The biology of CCR5 and CXCR4.

作者信息

Alkhatib Ghalib

机构信息

Department of Microbiology and Immunology, Indiana University School of Medicine, Indianapolis, IN 46202, USA.

出版信息

Curr Opin HIV AIDS. 2009 Mar;4(2):96-103. doi: 10.1097/COH.0b013e328324bbec.

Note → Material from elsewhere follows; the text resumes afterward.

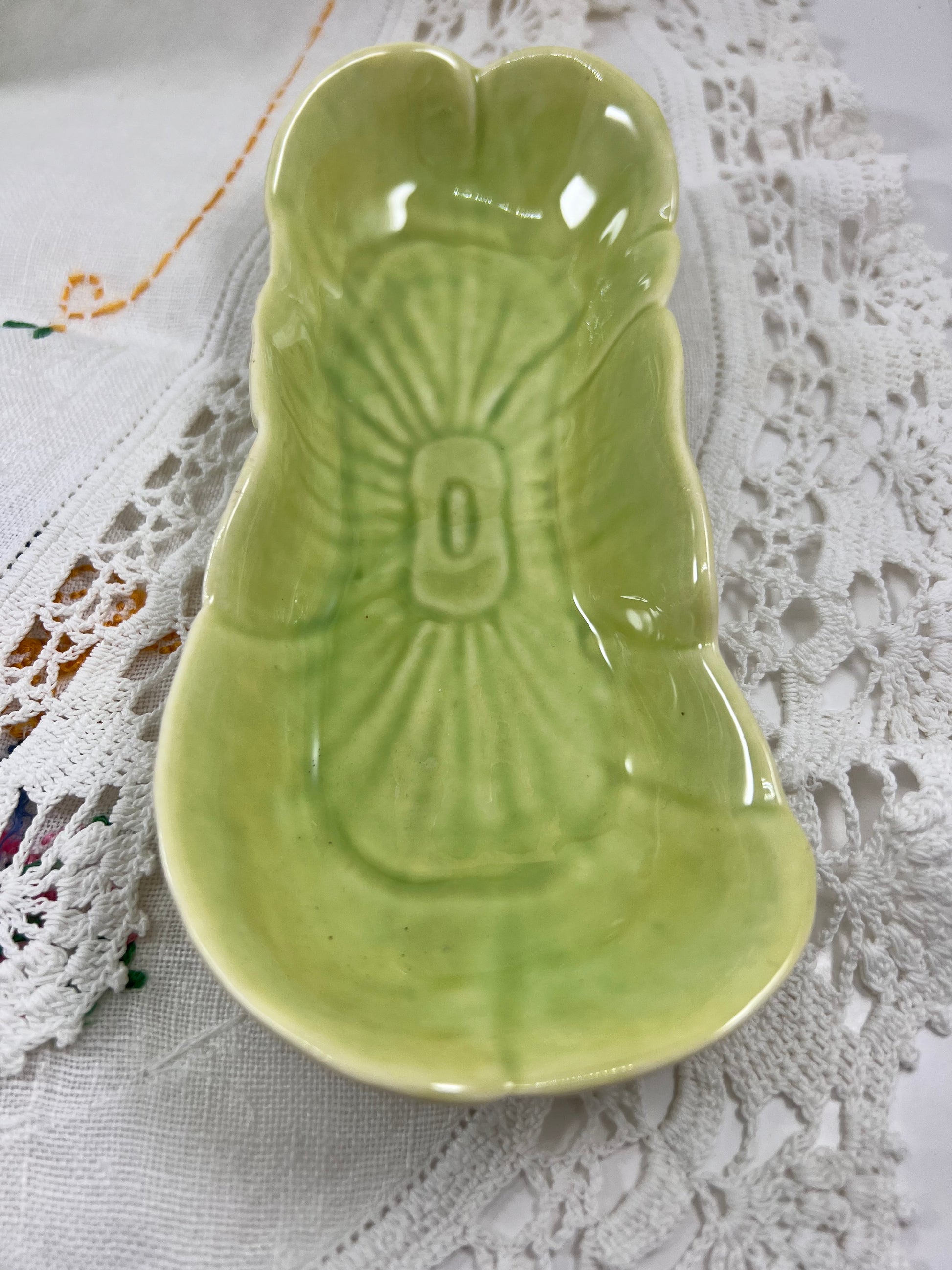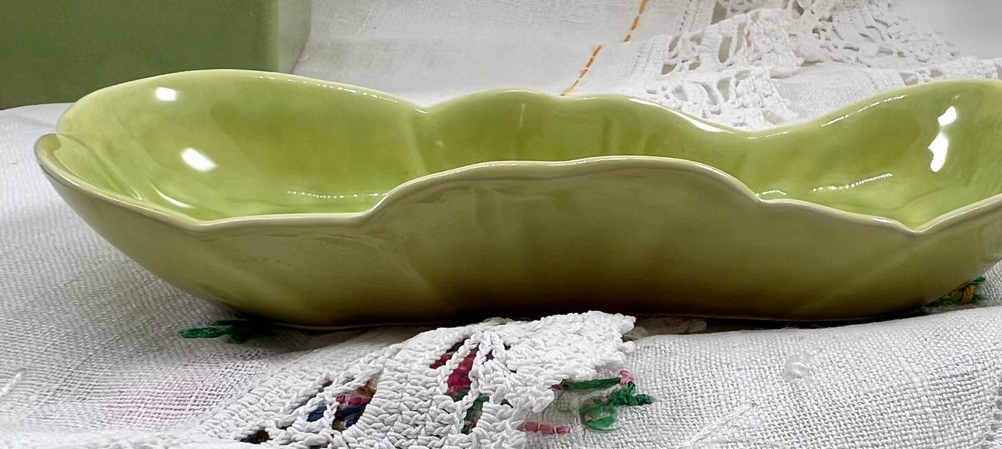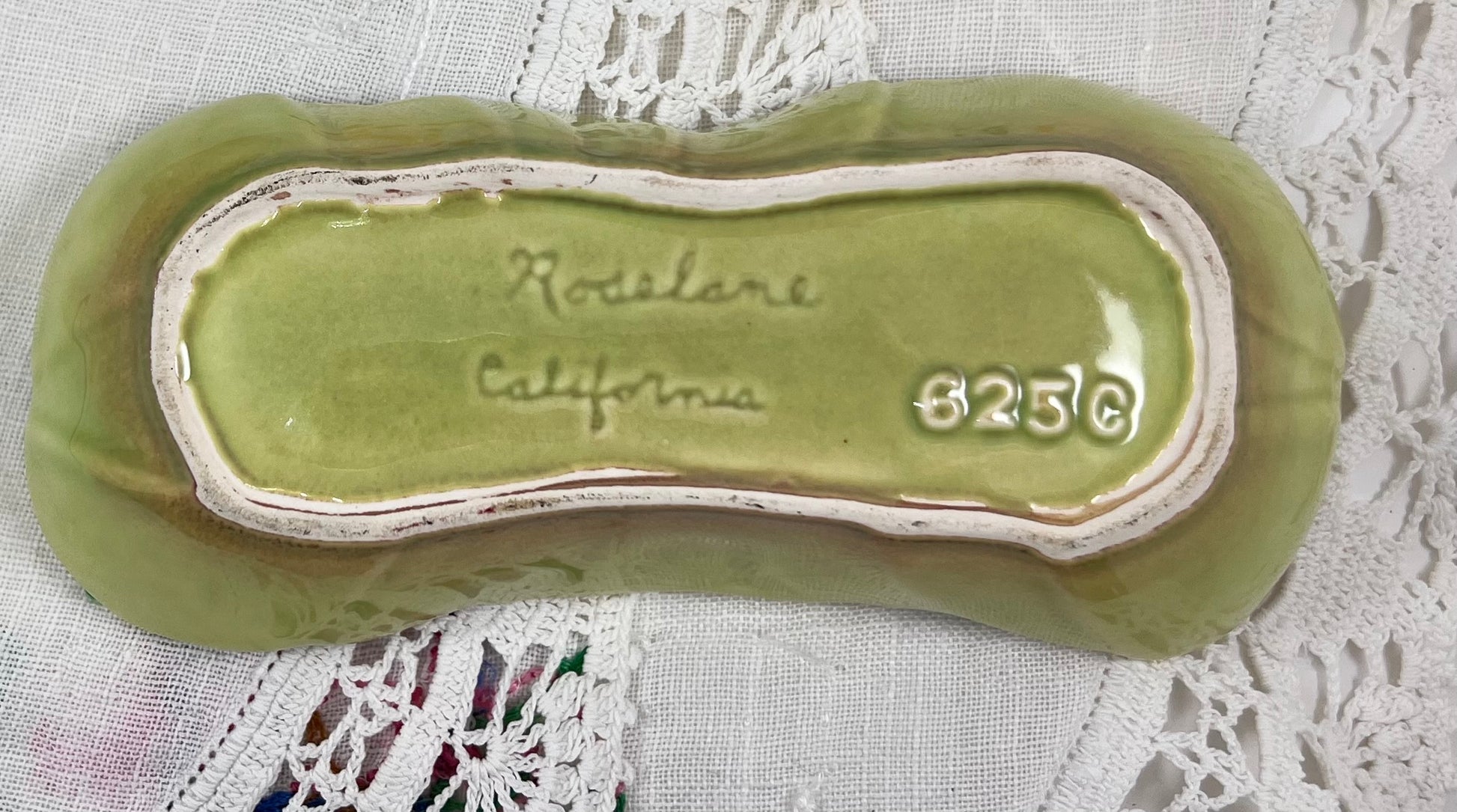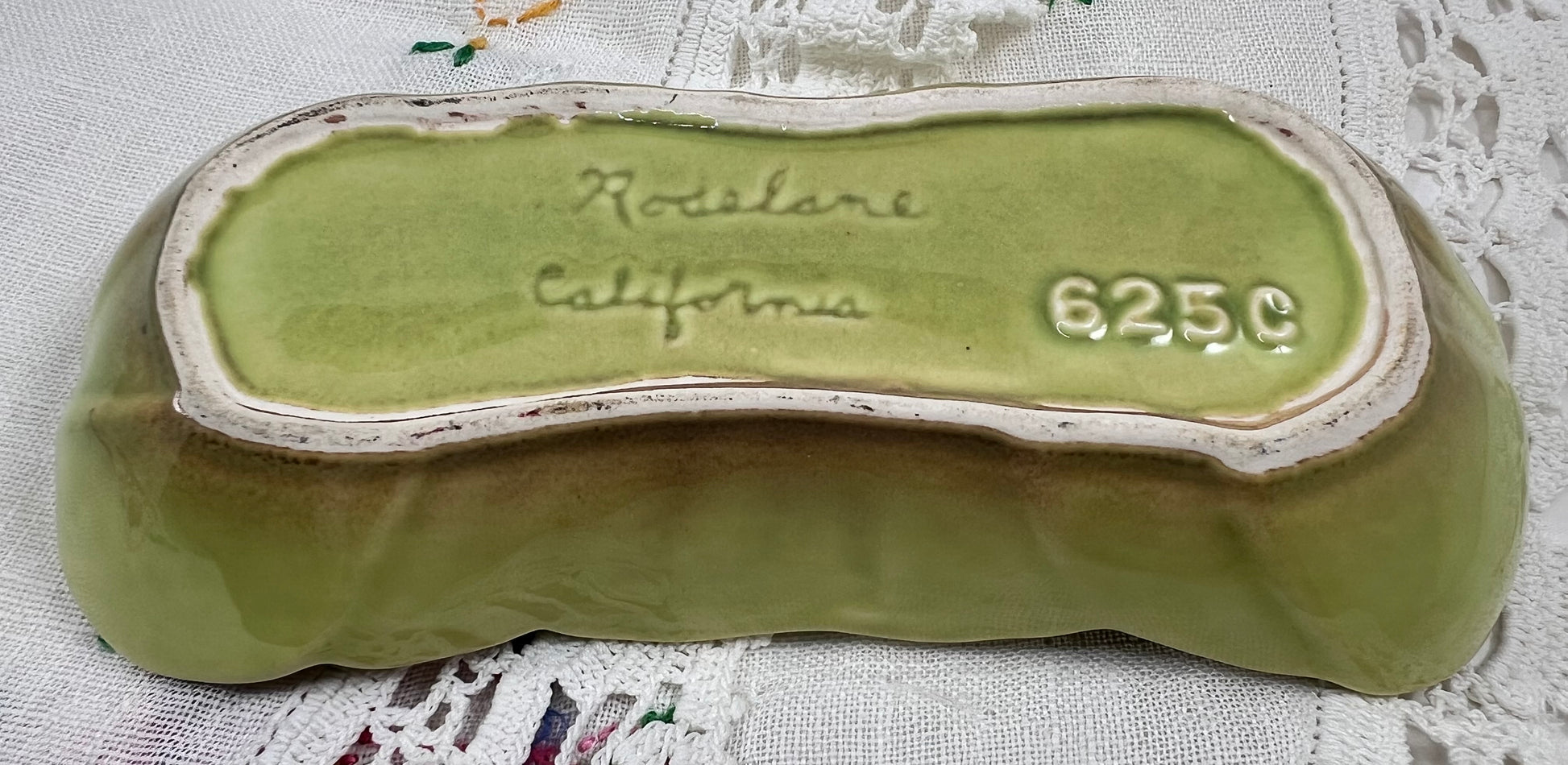 The color is gorgeous and quite evocative of the period. The bottom is incised with "Roselane Pottery" while the raised "625C" indicates the model number. Measuring approximately 7 1/4" long x 3" at its widest point x 1 3/8" tall, this dish could have a multitude of purposes, from candy dish to trinket dish. The perfect addition to any mid-century collection or interior.

DOI:10.1097/COH.0b013e328324bbec
PMID:19339947
原文链接:https://pmc.ncbi.nlm.nih.gov/articles/PMC2718543/
Abstract

PURPOSE OF REVIEW

We discuss the current knowledge concerning the biology of CXCR4 and CCR5 and their roles in HIV-1 infection.

RECENT FINDINGS

Important research findings reported in the last 2 years have advanced our knowledge in the field of HIV coreceptors and pathogenesis. Novel methods have been used to crystallize two new members of the G-protein coupled receptors. It has been demonstrated that expression and stability of the naturally occurring truncated CCR5 protein is critical for resistance to HIV-1. The first stem cell transplantation of donor cells with the CCR5 mutation provided proof of principle. The Food and Drug Administration approved the first CCR5-based entry inhibitor. New CXCL12 isoforms were discovered, one isoform is a potent X4 inhibitor with weak chemotaxis activity.

SUMMARY

The coreceptor discoveries revealed new insights into host and viral factors influencing HIV transmission and disease. The HIV/coreceptor interaction has become a major target for the development of novel antiviral strategies to treat and prevent HIV infection. The first CCR5-based entry inhibitor has been recently approved. New drugs that promote CCR5 and CXCR4 internalization, independent of cellular signaling, might provide clinical benefits with minimum side effects.

摘要

综述目的

我们讨论了目前关于CXCR4和CCR5生物学特性及其在HIV-1感染中作用的知识。

最新发现

过去两年报道的重要研究结果推进了我们在HIV共受体和发病机制领域的知识。已使用新方法使G蛋白偶联受体的两个新成员结晶。已证明天然存在的截短型CCR5蛋白的表达和稳定性对HIV-1抗性至关重要。首次对具有CCR5突变的供体细胞进行干细胞移植提供了原理证明。美国食品药品监督管理局批准了首个基于CCR5的进入抑制剂。发现了新的CXCL12异构体,一种异构体是具有弱趋化活性的强效X4抑制剂。

总结

共受体的发现揭示了对影响HIV传播和疾病的宿主及病毒因素的新见解。HIV/共受体相互作用已成为开发治疗和预防HIV感染的新型抗病毒策略的主要靶点。首个基于CCR5的进入抑制剂最近已获批准。促进CCR5和CXCR4内化且不依赖细胞信号传导的新药可能以最小的副作用提供临床益处。